Annual car accident statistics raise serious concerns about elderly drivers on the road. Although they make up just nine percent of the population, they are responsible for 17 percent of total pedestrian fatalities and 14 percent of all car accident fatalities in America. With such a high percentage of fatalities, traffic safety officials are asking the question, how old is too old to drive ?

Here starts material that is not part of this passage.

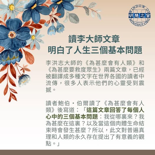 【大.纪.元;2023年01月21日讯】美东时间2023年1月20日,法轮功创始人李洪志大师授权大.纪.元;发表《为什么会有人类》,全文如下:
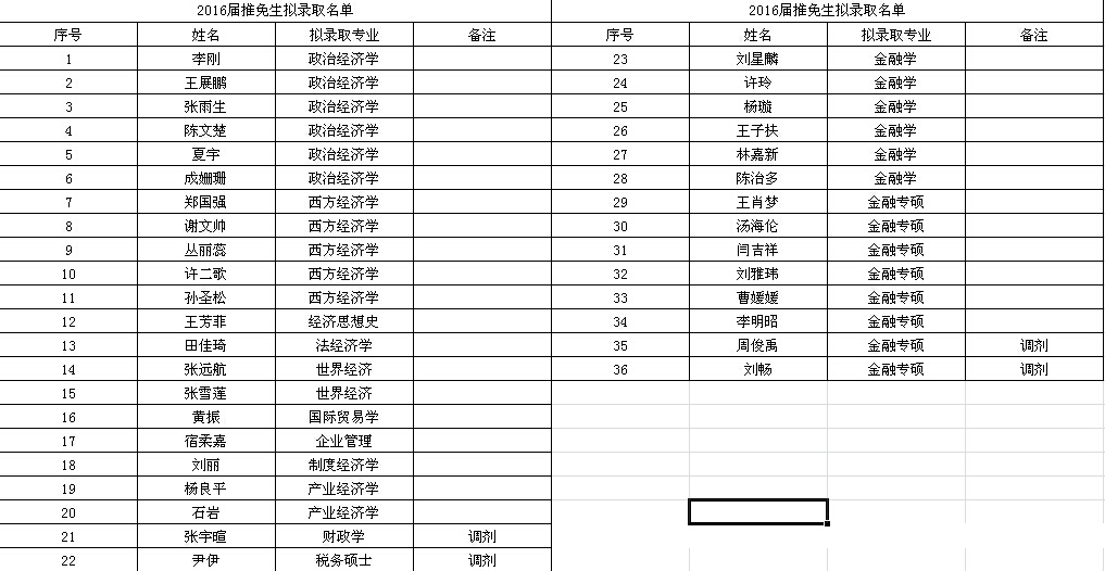 2016届推免生复试总成绩排名及拟录取名单公示

Serious injuries and fatalities caused by elderly drivers emphasize the many challenges that they face behind the wheel. A recent report by the National Highway Traffic Safety Administration (NHTSA) shows that elderly drivers between the ages of 75 and 85 account for a large number of traffic deaths. Drivers who are over the age of 85 account for four times the amount of accident fatalities as teenage drivers who have minimal driving experience. Many accidents occur suddenly and unexpectedly in busy areas where pedestrian traffic is high. A Portland Oregon personal injury attorney often sees cases of elderly drivers who crash into store fronts and crowds by accidentally hitting the gas pedal instead of the brakes.
Recently in Los Angeles, an 86 year-old man crashed into an outdoor farmer’s market that was filled with hundreds of pedestrians. The man lost control of the car and stepped on the gas pedal thinking he was applying the brakes. As the car accelerated, it plowed through a series of barricades and into terrified pedestrians, killing 10 people and injuring another 63 people. A crash investigation revealed that the elderly man suffered from reduced mobility due to arthritis and was taking medications for pain control.
Many elderly drivers don’t realize that their poor vision, hearing loss, and impaired cognitive functions put them at higher risk for car accidents. Drivers who are taking medications may not realize that they are affected by drowsiness, delayed reactions, lack of coordination, and impaired judgment while driving. Some elderly drivers who do realize that their driving skills are impaired may still refuse to stop driving for fear of losing their mobility and independence. When elderly drivers are at risk, family members and friends may need to intervene.